Having written low-level high-performance programs, Fabrice Bellard has the experience to write a memory safe language that allows hardware control. And he has the faculties to assess design changes without tying them up in committee. I covet his attentions in this space.
I think of Rust might trigger a new generation of languages that are developed with the hindsight of rust.
The principle of zero cost abstractions avoids a slow slide of compromising abstraction cost, but I think there could be small cost abstractions that would make for a more pragmatic language. Having Rust to point at to show what performance you could be achieving would aid in avoiding bloating abstractions.
For all the praise he's receiving, I think his web design skills have gone overlooked. bellard.org is fast, responsive and presents information clearly.
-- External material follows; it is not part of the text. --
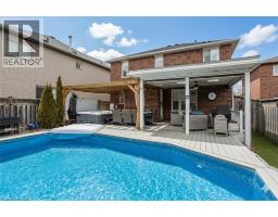 Welcome to this beautiful 3,203 sq ft family home, tucked away in a rare South Burlington court location with a pool, blending everyday convenience with an exceptional lifestyle opportunity. Nestled in the sought-after Maple community, just minutes from the lake, downtown, shopping, dining, and amenities, with easy highway access and walkable parks and trails, this is a location families love for both daily routines and weekend adventures. Curb appeal shines with an aggregate walkway, mature trees, and lush perennial gardens that create a warm first impression. Inside, the main floor features light wide-plank hardwood (2021) and a thoughtful layout designed for family living and entertaining. The spacious living and dining rooms are filled with natural light and accented by elegant crown moulding and French doors. A stylish 2-piece powder room with slab tile wainscoting adds a polished touch. At the heart of the home, the inviting family room with gas fireplace flows seamlessly into the eat-in kitchen, complete with quartz countertops, tile backsplash, stainless steel appliances, and a walkout to the backyard. Upstairs, the generous primary suite offers a walk-in closet and a private 4-piece ensuite with jetted tub. Three additional bedrooms provide flexibility for growing families, including one with a charming custom window seat and built-in storage, and another with ensuite privileges to the main bath. The fully finished lower level extends the living space with a large rec room, bar area, and additional 2-piece bathroom—perfect for movie nights, teens, or hosting guests. Step outside to a backyard oasis built for making memories. Fully fenced and ideal for entertaining, it features a heated on-ground saltwater pool with composite deck, a pergola-covered deck with skylights, ceiling fan, seating area, and hot tub, plus green space for kids and pets to play. This home offers peak family living potential. (id:61594)

Actually I think the fancier the website, the shittier the software. Examples: Tarsnap - minimal website, brilliant software. Discord - Whitespacey, animation-heavy abomination of a website. Software: hundreds of MB of JS slop, government wiretap+botnet for degenerates.
Data wants to be free. They knew that once.
EDIT: Also to be clear I am not saying they can't win legally. I'm sure they can do legal games and could shop around until they were successful. They are in the wrong conceptually.